To do: Within the records below, find the line with "molecular generation based" and the line with "冬野菜のひとつ、ほうれん草を", then reproduce exactly those two lines and all lines between them, without any picture.

*** Block opens ***

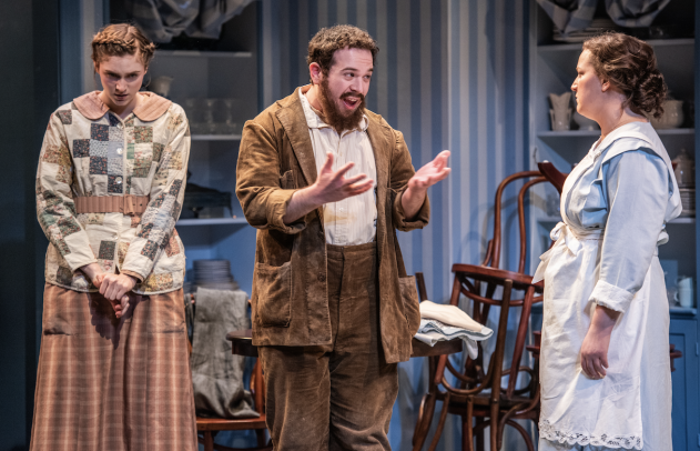 It’s 1915 Lancashire, but there’s little sense of time or place. Can’t anybody up there do an accent? Lines like “I just came in here for a bit of a sit-down” don’t reverberate as they should when delivered in flat Midwestern tones. Brittany Vasta’s unit set is functional and little else, and in what’s supposed to be a prim parlor, why are those tables and chairs stacked atop one another upstage right, and frequently being kicked over or moved about? Kindall Almond’s costumes include a frilly yellow-white number for Jenny whose skirt is too high for 1915, and Zack wanders around town in a brown suit probably too rumpled to pass muster on the streets of Little Hulton. Mary Louise Geiger’s lighting has a nice transitional moment or two, but mostly it’s just very bright.
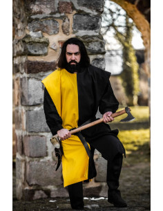 Do you want to give a touch of energy and vitality to your medieval outfits? The Bipart Frojoerick Medieval Tunic in black and yellow is a perfect choice. Made from 100% cotton, this tunic is comfortable and durable, making it ideal for any historical re-enactment event.
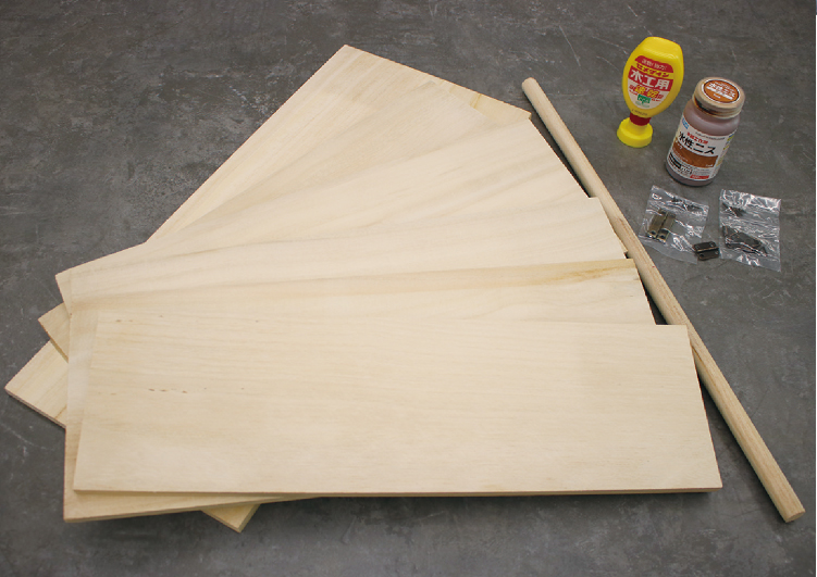 木工用ボンドを塗ってカットした板や丸棒を接着します。
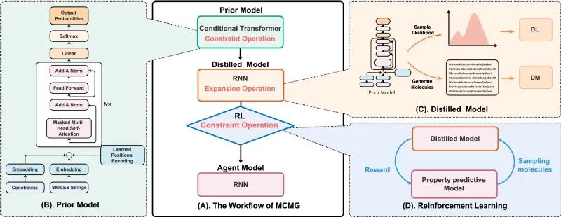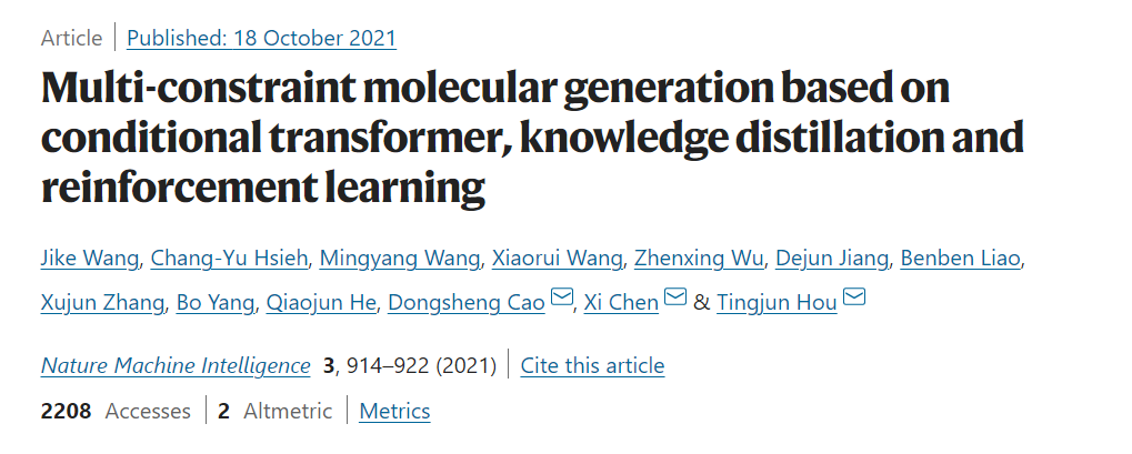浙江大学智能创新药物研究院&药学院侯廷军教授团队、武汉大学陈曦团队、中南大学曹东升团队和腾讯量子实验室联合在《自然·机器智能》(Nature Machine Intelligence)发表论文“Multi-constraint molecular generation based on conditional transformer, knowledge distillation and reinforcement learning”,提出了一种多约束分子生成新方法MCMG,该方法可以高效地遍历复杂的化学空间以寻找满足多种性质约束的新型化合物,为先导结构的发现提供了功能强大的计算工具。
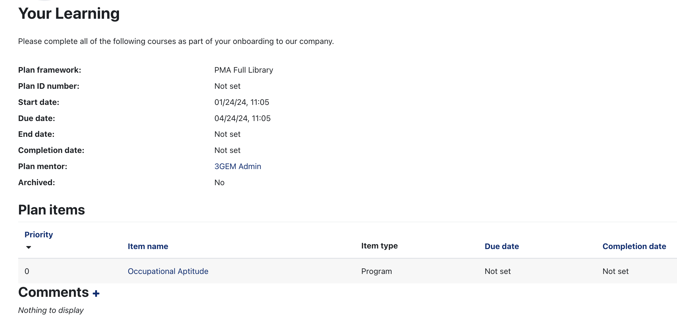 Click on a learning plan name to view the details of that plan. The plan will display, with all To Do items in the Plan items section.
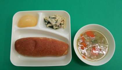冬野菜のひとつ、ほうれん草を用いたグラタンです。下ゆでして鮮やかな緑色を残したほうれん草は、ホワイトグラタンの色のアクセントになっており、ホワイトソースのからみ具合もよいツイストの形をしたマカロニとともに目でも楽しめる献立です。
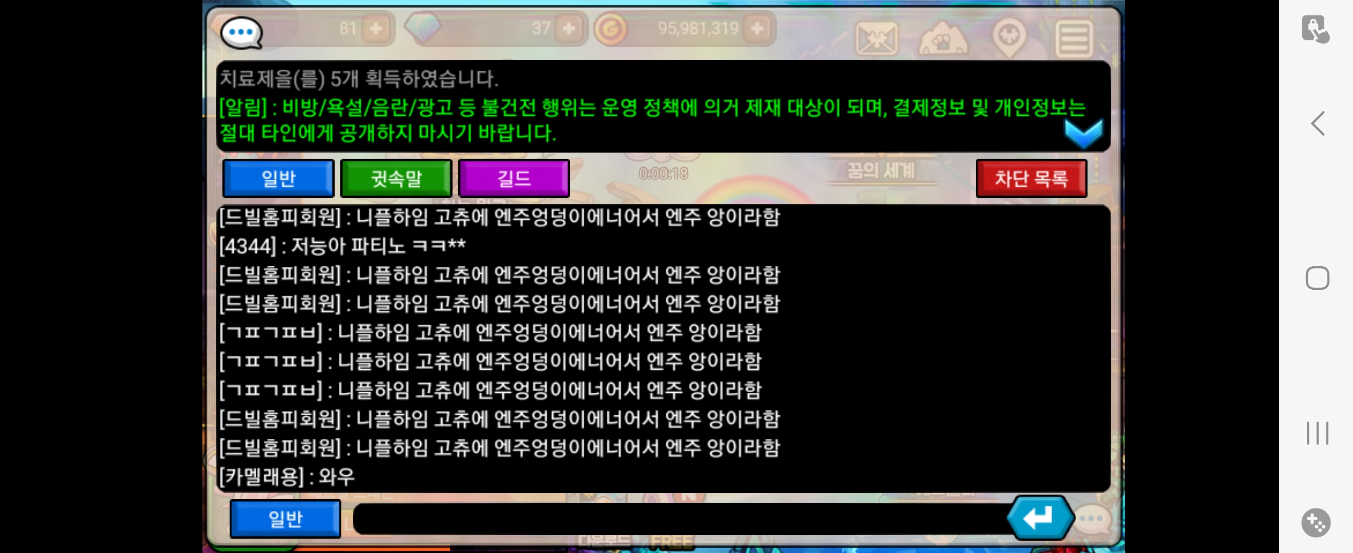 인게임 모니터링을 하든 신고 시스템을 활용하든 빠른 조치가 필요해 보입니다. 이런 채팅들은 신고 차단을 해도 계속 올라오는데 관리가 너무 소홀하신 것 같습니다.
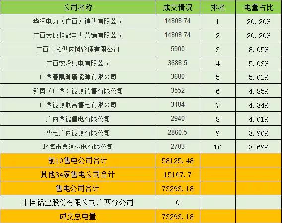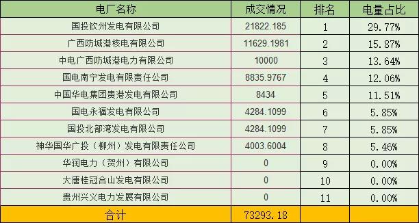 無約束成交電量為73293 18萬千瓦時,統(tǒng)一出清價格為38分 千瓦時。較廣西燃煤機組標桿上網(wǎng)電價42 07分 千瓦時下降4 07分 千瓦時。發(fā)電廠申報電量110994 2408萬千瓦時、用電企業(yè)申報電量73293 18萬千瓦時,供需比為1 51:1 0 , 呈供大于求狀態(tài)。
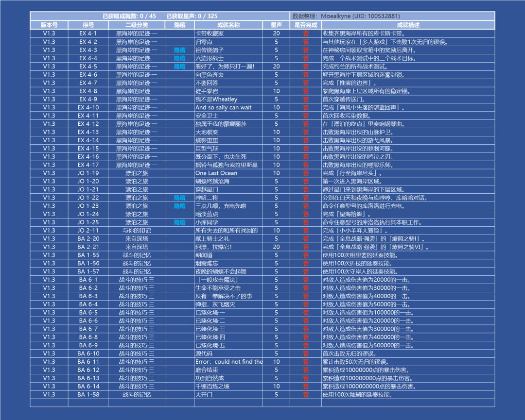 大家好呀,这里是moealkyne,本次给大家带来的是全成就便携查找数据表~ 您可以通过下方链接下载在线文档。 通过此数据表,可以更快的查询自己未完成的成就,并及时记录!可以多多使用哦~ 注意 1、相关复杂的操作流程已经在首图中展示出来,若您仍然无法理解,这里建议您重新学习一下Excel操作,评论区不受理技术层面问题。 2、本链接会随版本更新,为防止您的记录丢失,请及时保存副本。 3、如有成就层面
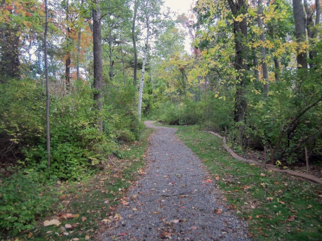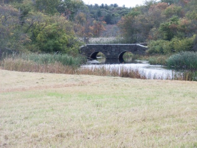 View of the simulated stone arch bridge from a field section of the trail near the parking lot.
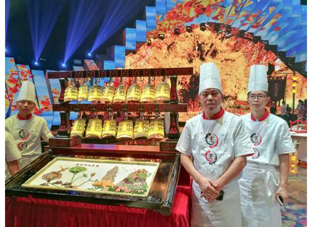 展示冷拼“随州如此多娇”还加入了一套编钟食雕,用冬瓜做食材,雕成象形编钟挂在木制编钟架上,造型逼真,镂空编钟里面配上灯光,金碧辉煌,引人注目。
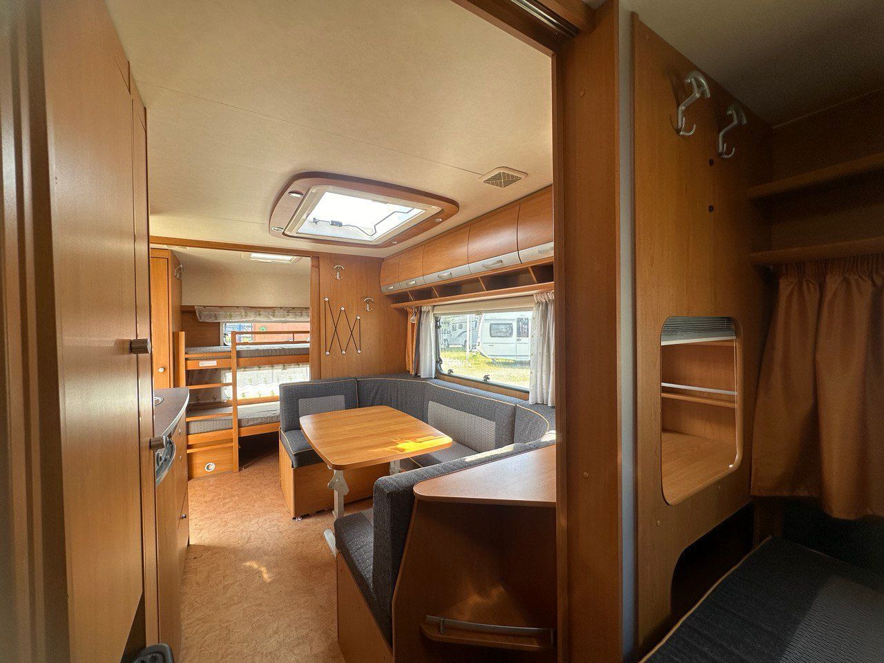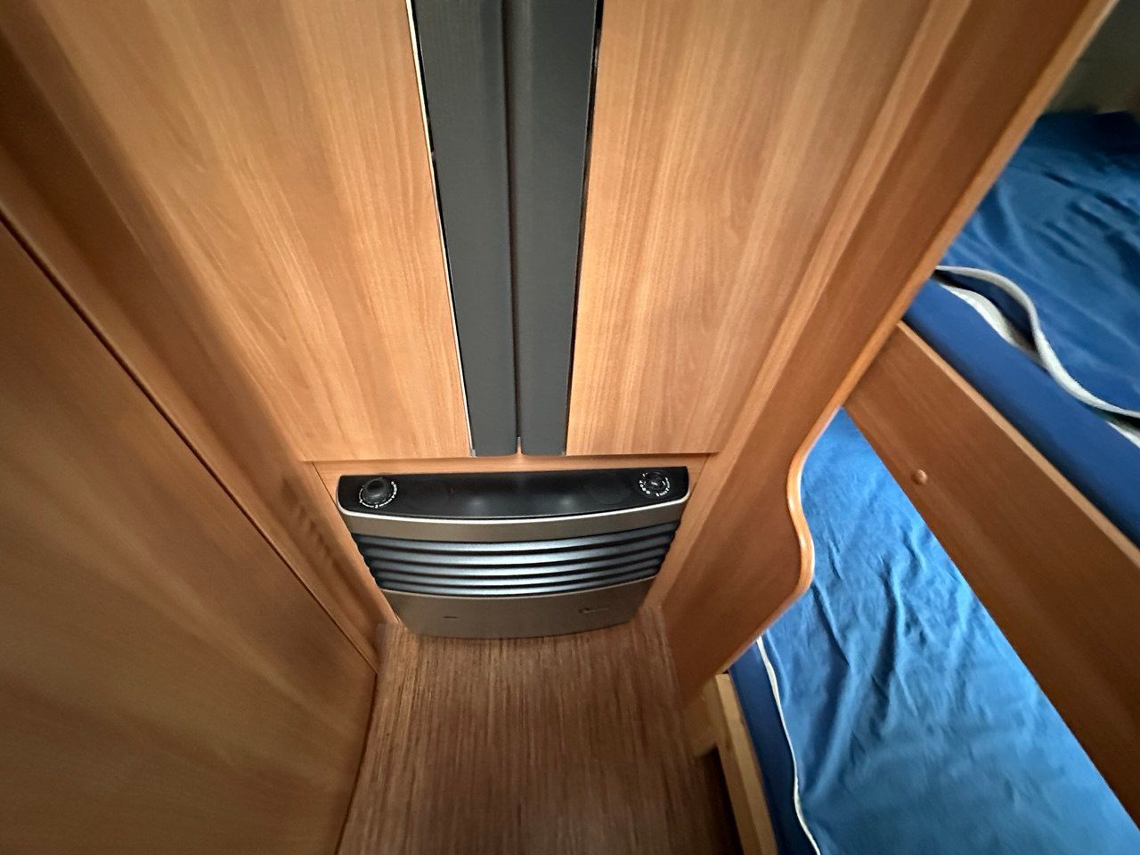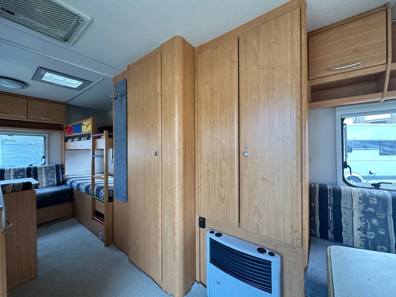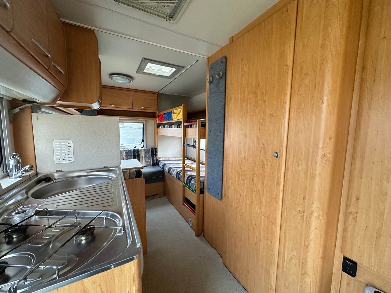 Questa caravan è completa di Movimentatore automatico+ stabilizzatore Winterhoff WS 3000 + tendalino integrato manuale + Forno a microonde + 3 letti a castello + serbatoio acqua da 50 l. + boiler truma Therme + Baggno con Box doccia sewparato + stufa 3000 cal. con termoventilazione
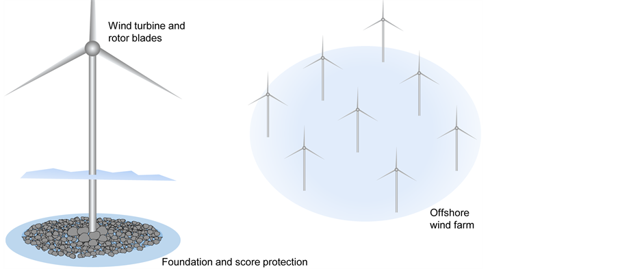 Wind farms have different effects on different taxa and the potential for conservation benefits are therefore dependent on the specific target for conservation. In this section we review wind farm induced changes to 1) seabed habitats and benthos, 2) epifouling benthos, 3) fish, 4) marine mammals, and 5) seabirds. A brief illustration of offshore wind power is given in Figure 2.
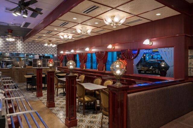 この一画は落ち着きのある赤色に仕上げ、アンティークなランプが明りを灯すほか、窓にはタッセルで留めた優雅なカーテンを飾ります。ディナーの予約ではこの席を指名するお客さんもいるのだとか。

*** Block closes ***

Task output:
浙江大学智能创新药物研究院&药学院侯廷军教授团队、武汉大学陈曦团队、中南大学曹东升团队和腾讯量子实验室联合在《自然·机器智能》(Nature Machine Intelligence)发表论文“Multi-constraint molecular generation based on conditional transformer, knowledge distillation and reinforcement learning”,提出了一种多约束分子生成新方法MCMG,该方法可以高效地遍历复杂的化学空间以寻找满足多种性质约束的新型化合物,为先导结构的发现提供了功能强大的计算工具。
 Click on a learning plan name to view the details of that plan. The plan will display, with all To Do items in the Plan items section.
冬野菜のひとつ、ほうれん草を用いたグラタンです。下ゆでして鮮やかな緑色を残したほうれん草は、ホワイトグラタンの色のアクセントになっており、ホワイトソースのからみ具合もよいツイストの形をしたマカロニとともに目でも楽しめる献立です。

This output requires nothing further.